### Work to complete
Output all of the lines below exactly, and leave out each image.

### Exercise data
+ + +

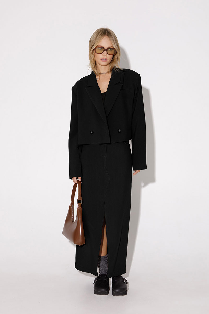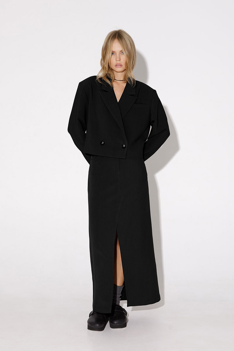 Асимметричная миди-юбка с разрезом. Детали: юбка асимметричного кроя с высоким разрезом по переду, притачной пояс со шлевками, застежка на молнию и пуговицу, боковые карманы.
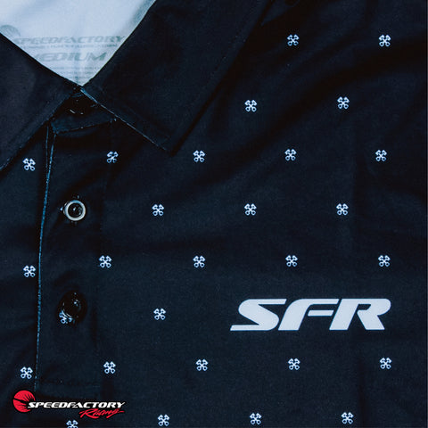 Just look at that pattern! The New SFR " Piston and Rod" premium polo!  Whether you are out on the golf course with the boys or just looking to keep is casual at the backyard BBQ, this unique polo is sure to turn heads. Lightweight with a soft-poly fabric mix. Engineered to keep you dry, cool, and fresh looking.
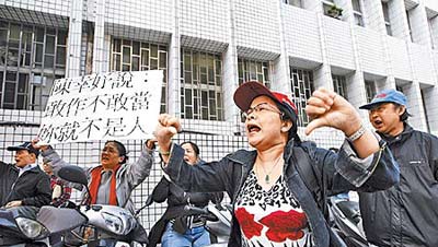 中新網(wǎng)2月11日電 據(jù)臺(tái)灣《蘋果日?qǐng)?bào)》報(bào)道,涉及機(jī)要費(fèi)弊案、洗錢案、南港展覽館弊案、龍?zhí)顿彽乇装杆拇蠊偎镜膮鞘缯涓袅?87天后再度上法庭應(yīng)訊。開庭半個(gè)小時(shí)后,她就直接或間接承認(rèn)七條起訴罪狀中的偽造文書、泄密、收賄、洗錢四罪,坦承“一切都是我做的”、“我怕‘總統(tǒng)’知道(我收錢)”,庭訊后并首次就丑聞弊案向社會(huì)道歉。吳淑珍10日所承認(rèn)的四罪,最重可被判無期徒刑。

+ + +

### Task output
 Асимметричная миди-юбка с разрезом. Детали: юбка асимметричного кроя с высоким разрезом по переду, притачной пояс со шлевками, застежка на молнию и пуговицу, боковые карманы.
 Just look at that pattern! The New SFR " Piston and Rod" premium polo!  Whether you are out on the golf course with the boys or just looking to keep is casual at the backyard BBQ, this unique polo is sure to turn heads. Lightweight with a soft-poly fabric mix. Engineered to keep you dry, cool, and fresh looking.
 中新網(wǎng)2月11日電 據(jù)臺(tái)灣《蘋果日?qǐng)?bào)》報(bào)道,涉及機(jī)要費(fèi)弊案、洗錢案、南港展覽館弊案、龍?zhí)顿彽乇装杆拇蠊偎镜膮鞘缯涓袅?87天后再度上法庭應(yīng)訊。開庭半個(gè)小時(shí)后,她就直接或間接承認(rèn)七條起訴罪狀中的偽造文書、泄密、收賄、洗錢四罪,坦承“一切都是我做的”、“我怕‘總統(tǒng)’知道(我收錢)”,庭訊后并首次就丑聞弊案向社會(huì)道歉。吳淑珍10日所承認(rèn)的四罪,最重可被判無期徒刑。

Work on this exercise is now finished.